No Brasil, o processo de redemocratização e, sobretudo, a busca por reservas internacionais em um cenário regulatório de estrito controle cambial pareciam indicar a superação de barreiras ideológicas rumo ao estabelecimento de uma relação bilateral com a China, e o entusiasmo do ocupante do cargo de chefe do Poder Executivo acabou por dar impulso à criação de zonas de processamento de exportação (ZPEs) [1] [2], e proposta encabeçada por José Hugo Castelo Branco, titular do Ministério da Indústria e Comércio (MIC).

O projeto foi duramente criticado por representantes do setor das indústrias, que nele viram a abertura de uma porta para a concorrência desleal, bem como por integrantes da alta cúpula do próprio governo, como Luiz Carlos Bresser-Pereira e seu sucessor na pasta da Fazenda, Maílson da Nóbrega, que, no entanto, como se sabe, cederia pouco tempo depois ao apelo presidencial.

O entusiasmo tampouco foi compartilhado pela Assembleia Constituinte, que acabou por rejeitar a inclusão, nas disposições transitórias, de dispositivo que previa a instalação de ZPEs no Brasil. A notícia de que o governo preparava um decreto-lei para implantá-las motivou José Serra a publicar artigo em que criticou a teimosia do governo ao insistir em uma política industrial rejeitada tanto pela nova Constituição, em vias de ser promulgada, como também por “(…) empresários da indústria (não apenas da Fiesp mas também da CNI) e da exportação, economistas de orientações as mais diferentes (de Simonsen, a Ignácio Rangel e Conceição Tavares)” [3] .

Um dos protagonistas da política chamada pelo parlamentar de “obsoleta e inconveniente”, o ministro José Hugo Castelo Branco havia sido afastado do governo por conta do tratamento de um câncer desde junho daquele ano. Como derradeira homenagem, o ministro reassumiu o cargo por poucas horas unicamente para assinar o Decreto-Lei nº 2.452, de 29/7/1988, último ato de sua vida pública, vindo a falecer poucos dias depois.

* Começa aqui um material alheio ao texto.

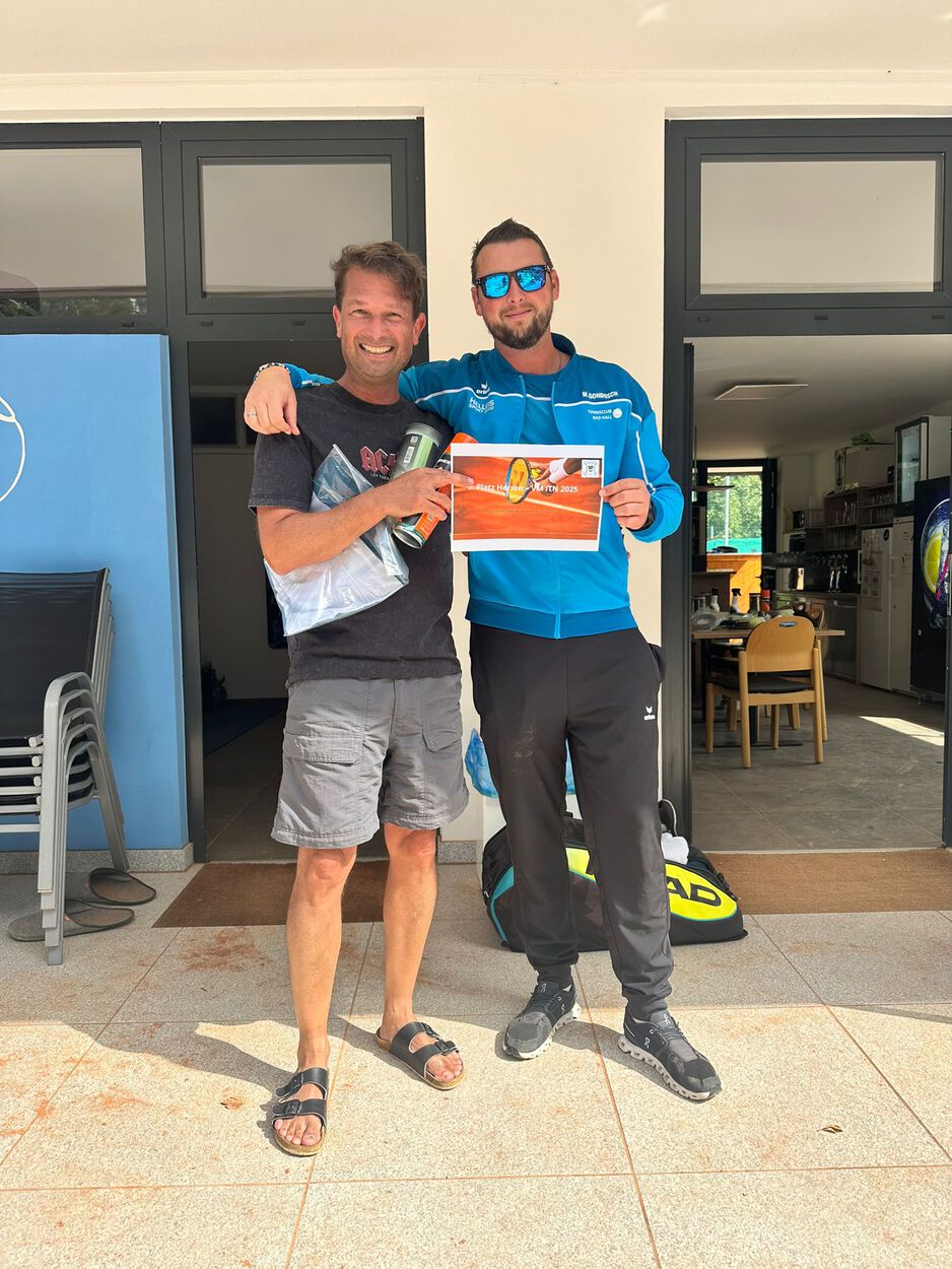 Zum ersten Mal trugen wir heuer auch einen Herrenbewerb mit ITN-Wertung aus. Bei diesem ging es nicht nur um den Titel des Vereinsmeisters sondern auch um wichtige Punkte im ITN-System des ÖTV. Aus den vier Gruppen stiegen jeweils die ersten Beiden auf, wobei es dann zu Kreuzspielen der Erstplatzierten gegen die Zweitplatzierten kam. Die Gruppen konnten auch hier ohne Niederlage von den Favoriten gewonnen werden und erst im Viertelfinale musste sich dann einer der vier bestgesetzten Spieler verabschieden. Die Halbfinalspiele waren dann wieder eine klare Angelegenheit für die zwei topgesetzten Spieler und so hieß das heurige Finale Gondosch Manuel gegen Kaiser Markus. Im Spiel um Platz 3 konnte sich Pixner Harald gegen Haider Lukas im Champions Tie Break knapp durchsetzen. Das Finale war im Anschluss nichts für schwache Nerven. Es ging hin und her und die Zuschauer konnten einige Zauberschläge der beiden Finalisten bestaunen und bejubeln. Am Ende hatte Kaiser Markus alias "Maxnaldo" den längeren Atem und konnte nach 2:45 seinen Matchball verwandeln. Er bezwang Manuel mit 6:4 5:7 6:2 und nahm unseren neuen Wanderpokal in Empfang.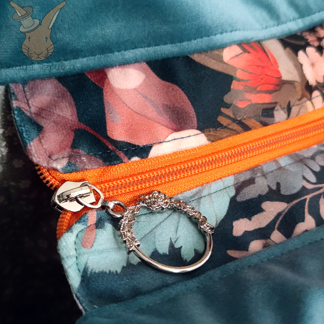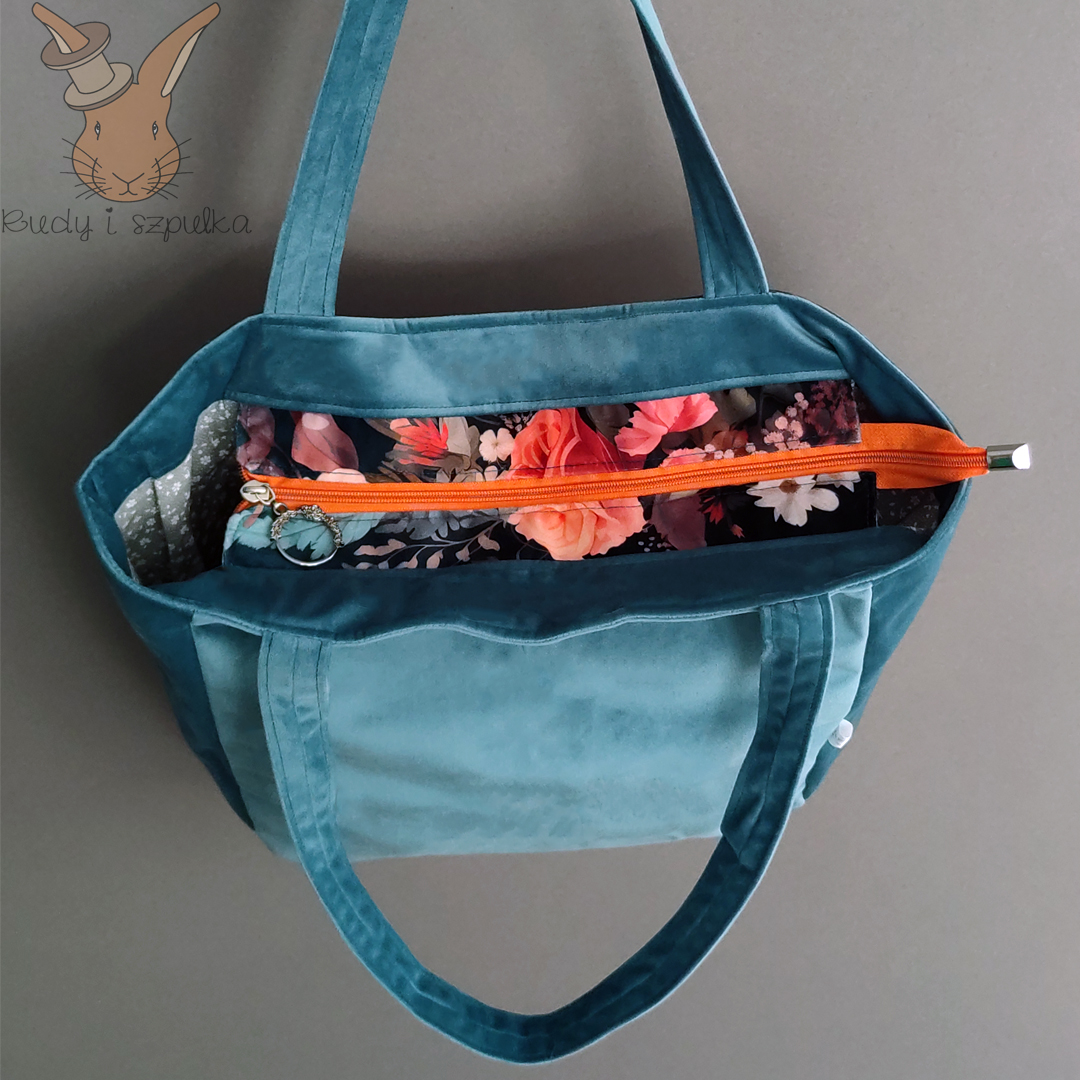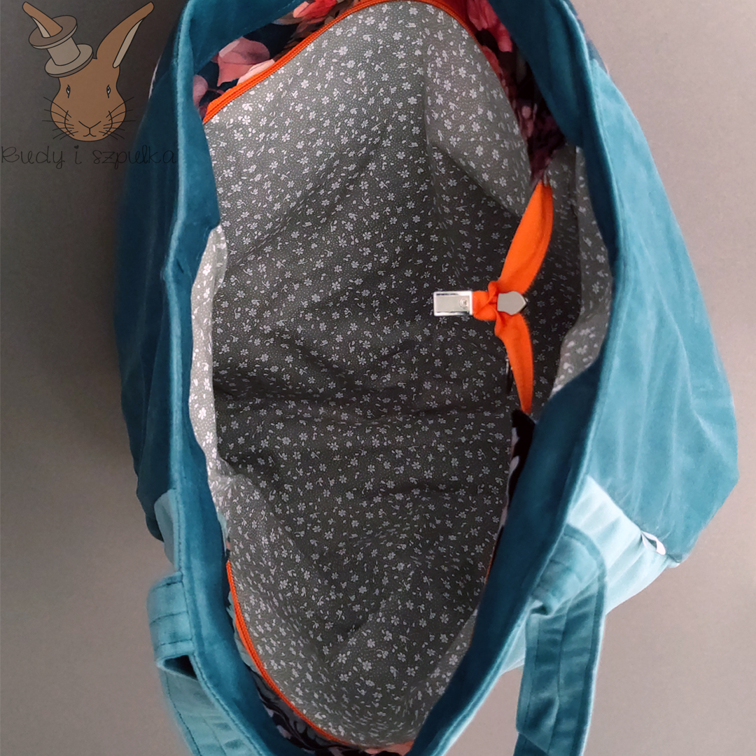Dzięki wymiarom ok. 34x47x31 cm torebka welurowa pomieści wszystkie niezbędne przedmioty – idealna zarówno na co dzień, jak i na wyjątkowe okazje. Wnętrze zostało wykończone szarą bawełnianą podszewką w białe kwiatki, co dodaje jej jeszcze więcej uroku i funkcjonalności.
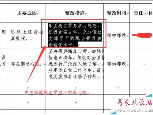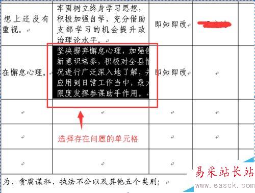 1、先選定存在問(wèn)題表格當(dāng)中的文字。

O primeiro marco normativo das ZPEs mirou vários objetivos: o fortalecimento da balança de pagamentos, a redução de desequilíbrios regionais, a promoção da difusão tecnológica e o desenvolvimento econômico e social do país, sob a ideia de não onerar a cadeia produtiva relacionada ao exportador e, assim, atender aos princípios da neutralidade e do país de destino [4]. Como se percebe, o foco da política não foi especificamente o desenvolvimento e a sofisticação tecnológica do setor industrial. Na realidade, a generalidade permitiria espaço para a instalação de montadoras em detrimento de uma indústria substantiva, voltada à competitividade e à qualidade, o que demandaria o compromisso com pesados investimentos em tecnologia.

No início da década de 1990, a equipe econômica do governo Collor propôs a extinção das ZPEs criadas na gestão anterior, desativando o Conselho Nacional (CZPE). Durante a presidência de Itamar Franco, o programa foi reativado para logo ser novamente desmobilizado durante a era FHC. Defensor da retomada do projeto, Delfim Netto voltou ao tema durante o segundo mandato de Lula e, junto com o economista Helson Braga, apresentou as bases da Lei nº 11.508/2007, o segundo marco legal das ZPEs, regulamentado pelo Decreto nº 6.814/2009, de modo que, em 30/8/2013, foi inaugurada a primeira e, até os dias de hoje, única ZPE do país em funcionamento [5], em Pecém (CE), onde foi instalada, entre outras, a planta criogênica de destilação de gases atmosféricos da empresa White Martins [6] .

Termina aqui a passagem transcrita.